* [WHAT NEEDS TO BE DONE]: Transcribe the data exactly. Pictures stay out.

* [AVAILABLE DATA]:
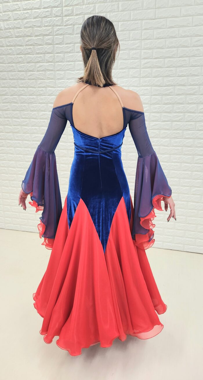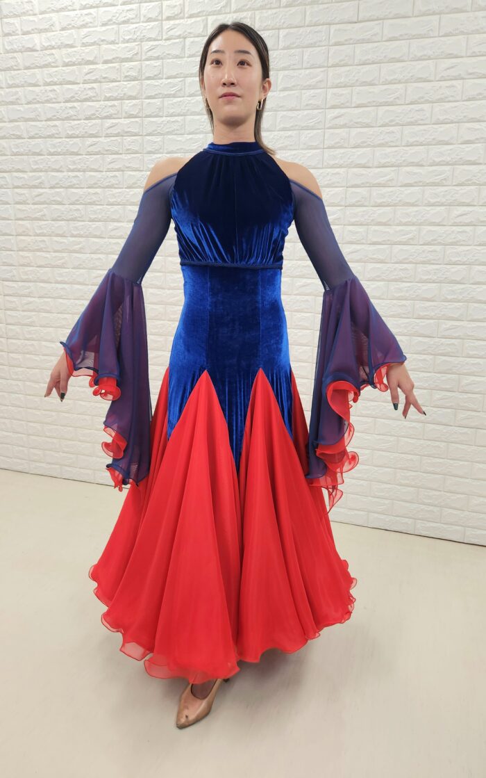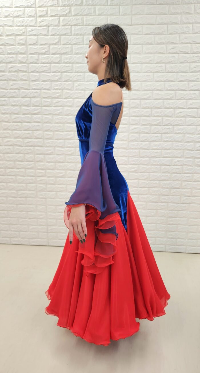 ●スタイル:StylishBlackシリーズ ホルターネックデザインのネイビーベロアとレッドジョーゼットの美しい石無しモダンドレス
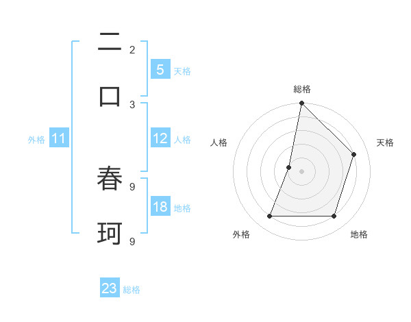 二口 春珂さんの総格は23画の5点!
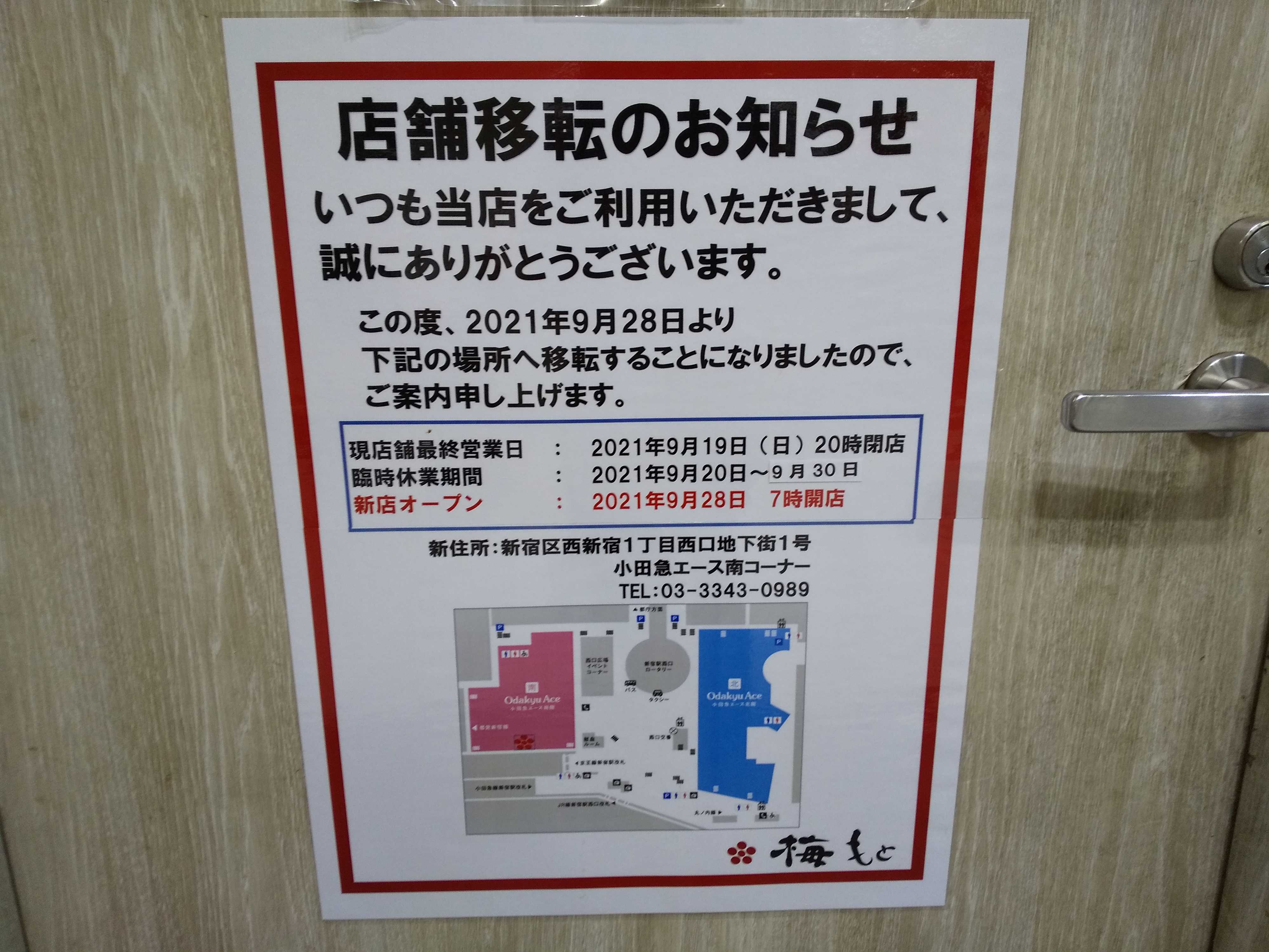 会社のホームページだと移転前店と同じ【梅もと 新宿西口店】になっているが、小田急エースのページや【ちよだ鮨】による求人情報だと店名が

* [SOLUTION TO THIS PROBLEM]:
 ●スタイル:StylishBlackシリーズ ホルターネックデザインのネイビーベロアとレッドジョーゼットの美しい石無しモダンドレス
 二口 春珂さんの総格は23画の5点!
 会社のホームページだと移転前店と同じ【梅もと 新宿西口店】になっているが、小田急エースのページや【ちよだ鮨】による求人情報だと店名が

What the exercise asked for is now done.